The foreign-born share of the U.S. population has quadrupled in the five decades since the establishment of the 1965 Immigration and Nationality Act, which ended a quota system based on national origin that favored white European immigrants. In 1960, 9.7 million foreign-born residents were living in the U.S. In 2014, there were 42.2 million, according to census data and the Pew Research Center.
Kevin Solis, who works for the immigration advocacy group Dream Team LA, said politicians’ statements about assimilation just add fuel to an already sensitive subject.
“When you say, ‘They need to assimilate,’ you’re already beginning with the false notion that they don’t want to, that they’re coming here as an invading force,” he said. “It’s coded in the sense that these are ‘other’ people, foreigners who want to do harm to our nation, and that’s not the case.”
Jim Chang, an information systems specialist from Irvine, recalled meeting with one of his son’s teacher; she kept repeating what he was saying.
“I know he was repeating, you know, saying it more than once because she was worried I didn’t understand,” Chang, 53, said.
Though he spoke English fairly well and understood it even better, Chang said his Korean accent meant he would always stick out.
“It doesn’t matter if you have 12 years or 20 years in the U.S. If they hear us sound a little different, they judge,” he said.
That’s something he said he believes his son, a fifth-grader, shouldn’t have to face. Chang speaks Korean to him, but his son, Jimmy, responds in English.
“I realize that we don’t plan to return to live in Korea. We belong in California now,” Chang said.
But Carmen Fought, a linguistics professor at Pitzer College, said that everyone has an accent regardless of how well they speak English. Whether it’s the Cajun or so-called “Minnesota nice” or “Bronx” or other accent not quite on the radar of American pop culture, everyone in the U.S. speaks with an accent, she said.

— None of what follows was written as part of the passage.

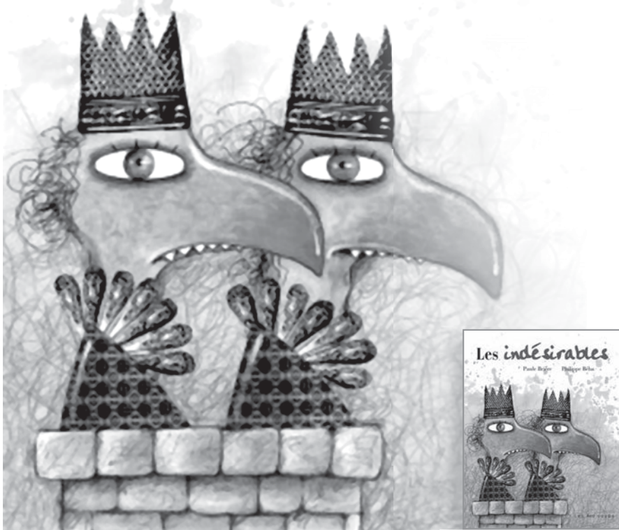
Illustration : Philippe Béha (Les indésirables)

L es différences !... Elles sont nombreuses dans une classe. Un élève vient d'un autre pays, un autre est roux, une élève a un trait physique particulier... Comment aborder le sujet avec les élèves de tous les cycles ? Comment aborde-t-on la discrimination, le rejet en raison des différences et la peur qu'elles suscitent et qui mènent à la violence ?

Not all accents, however, are perceived as equally American.
“A way of speaking that’s associated with a group that’s stigmatized is also going to be stigmatized,” Fought said. “There’s also going to be racism and prejudice against that way of speaking.”
Karen, a 24-year-old honor student at Cal State Fullerton, is an aspiring certified public accountant. She volunteers for the IRS — where her ability to speak Spanish is a major asset — helping low-income people fill out their taxes.
The night Trump was elected, Karen — a Deferred Action for Childhood Arrivals, or DACA, recipient who asked that her last name not be used because she fears deportation — suddenly felt as if she stood out even though she was an infant sleeping in the back seat of a car when she was brought to the U.S. illegally from Mexico.
Karen hasn’t been back to Mexico since then but grew up in the overwhelmingly Latino community of Huntington Park, watching Spanish-language television with her grandmother and working in a Mexican restaurant.
Moving to Orange County for college was like moving to a different world, Karen said. At least until Trump’s election, she felt that she was safer as a college student than her parents, who have labor-oriented jobs.
Her younger brother is a DACA recipient also, and she had him move in with her so they could remove their parents’ address from their federal forms.
“Sometimes I feel like I don’t belong anywhere,” she said. “In Mexico, I would be seen very differently because of my accent. It’s like, god, what do I do? If I were to go back, I wouldn’t have anything back there.”
“On the one side, the Hispanics tell you, ‘You’re way too American.’ On the other, you’ll have the Americans telling you you’re too Hispanic. It’s hard to be in the middle.”
“What makes me American? It’s not only the 24 years of my life,” she said. “It’s that this is all I know.”
Times staff writer Anh Do contributed to this report.